The melanocortin system, explained — tanning, libido, appetite, inflammation, all from one receptor family
8 min read · Uplevel editorial
Consider the question for a moment: how does a single biological signaling family govern the color of your skin, the strength of your sexual drive, your appetite at lunch, and the intensity of an inflammatory response happening somewhere in your knee? It seems like too much to ask of one system. The body tends toward specialization — receptors for this, channels for that. Yet here is the melanocortin system, doing all of it, sometimes simultaneously, with a small family of peptide ligands derived from a single precursor protein and five receptor subtypes distributed across nearly every tissue in the body.
This isn't a quirk of biology. It's architecture. And understanding how it works explains why so many peptide-based drugs — some approved, some experimental, some still in gray-market circulation — target different nodes of this system with very different clinical goals.
The whole cascade starts with a single gene: proopiomelanocortin, or POMC. The name sounds like a bureaucratic acronym, but it encodes something genuinely elegant. POMC is a precursor protein, meaning the body synthesizes it as a long chain and then cuts it into smaller active peptides depending on which tissue is doing the cutting and what enzymes are present. In the pituitary, POMC gets cleaved primarily into ACTH — the adrenocorticotropic hormone that drives cortisol production. In the hypothalamus and the skin, different enzymes cut POMC into alpha-MSH: alpha-melanocyte-stimulating hormone. It's alpha-MSH and its close relatives (beta-MSH, gamma-MSH) that are the primary endogenous ligands for the melanocortin receptors.
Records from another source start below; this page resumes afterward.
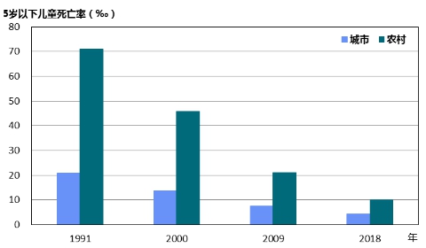 圖5 1991—2018年全國城鄉(xiāng)5歲以下兒童死亡率比較
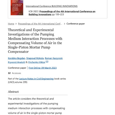 2023/10/18Theoretical and Experimental Investigations of the Pumping Medium Interaction Processes with Compensating Volume of Air in the Single-Piston Mortar Pump Compensator
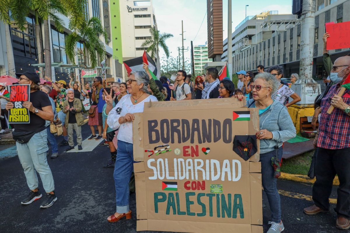 The embroiderers culminated the work on International Migrants Day, Monday, and joined a demonstration in front of the Israeli consulate in Puerto Rico.
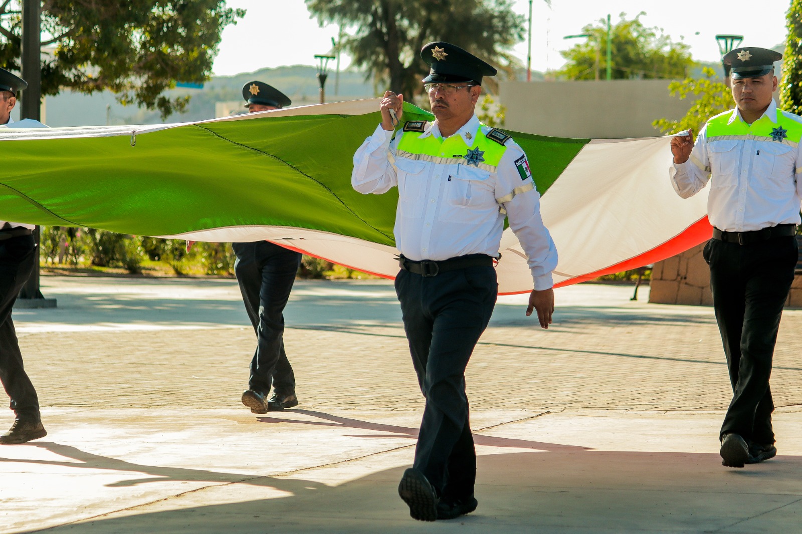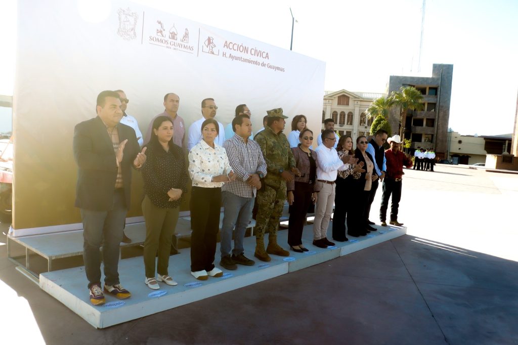 En esta ocasiÃn, la ceremonia contà con la participaciÃn de la escolta del Departamento de TrÃnsito Municipal, mientras que el personal del DIF Guaymas se encargà de leer las efemÃrides y reflexionar sobre el valor del mes.
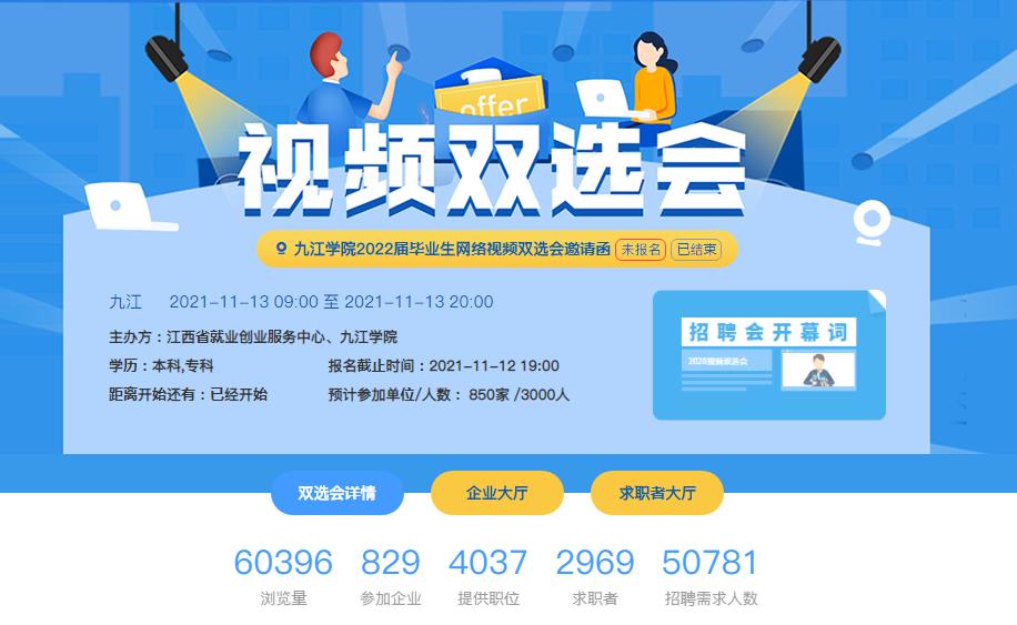 为积极做好永利yl23411集团官网2022届毕业生就业工作,搭建用人单位与毕业生双向选择的服务平台,结合教育部、江西省有关疫情防控要求,积极做到“疫情防控工作不放松,毕业生就业工作不断线”,11月13日,由省人力资源和社会保障厅、省教育厅主办,省就业创业服务中心和永利yl23411集团官网共同承办的江西省2022届高校毕业生就业洽谈会九江区域综合类专场暨九江学院2022届毕业生网络视频双选会成功举办。这是永利yl23411集团官网首次将大型双选会搬上“云端”,并得到了毕业生、用人单位的肯定和支持。

Alpha-MSH is a 13-amino-acid peptide. Small by protein standards — barely a peptide at all. But it binds with meaningful affinity to four of the five melanocortin receptors, which is why the effects of this system spread so far. The question is always: which receptor is being activated where, and what happens downstream?
The first melanocortin receptor, MC1R, is the one most people have heard of without knowing its name. It is expressed predominantly in melanocytes — the pigment-producing cells in your skin and hair follicles. When alpha-MSH binds MC1R, it activates a signaling cascade that upregulates tyrosinase, the rate-limiting enzyme in melanin synthesis. The result is increased production of eumelanin, the dark brown-black pigment that gives skin and hair their darker tones and, more importantly, absorbs and scatters UV radiation. This is the photoprotective function: melanin converts the energy of UV photons into heat rather than allowing it to reach DNA.
MC1R has natural variation in the human population that matters a great deal. Certain MC1R variants — called red hair color variants, colloquially — produce a receptor that responds poorly to alpha-MSH. People with two non-functional MC1R alleles tend to have red or very light hair, fair skin that tans minimally, and higher risk of UV-induced DNA damage and melanoma. This isn't just aesthetics. It's a functional difference in how well the signaling pathway works at the cellular level. The entire rationale for early melanocortin peptide drug development — the work coming out of the University of Arizona in the 1980s — rested on this observation: if you could pharmacologically stimulate MC1R more strongly than endogenous alpha-MSH does, you might provide photoprotection to people who can't generate enough of their own.
The second receptor, MC2R, is the most specialized. It binds only ACTH, not alpha-MSH, and it is expressed almost exclusively in the adrenal cortex. MC2R is the mechanism by which the pituitary drives cortisol synthesis — a critical node in the HPA axis that governs the stress response. Most drugs targeting the melanocortin system are designed to avoid this receptor, both because it requires a larger peptide ligand and because ACTH-mediated cortisol release is not what any of the current applications are trying to achieve.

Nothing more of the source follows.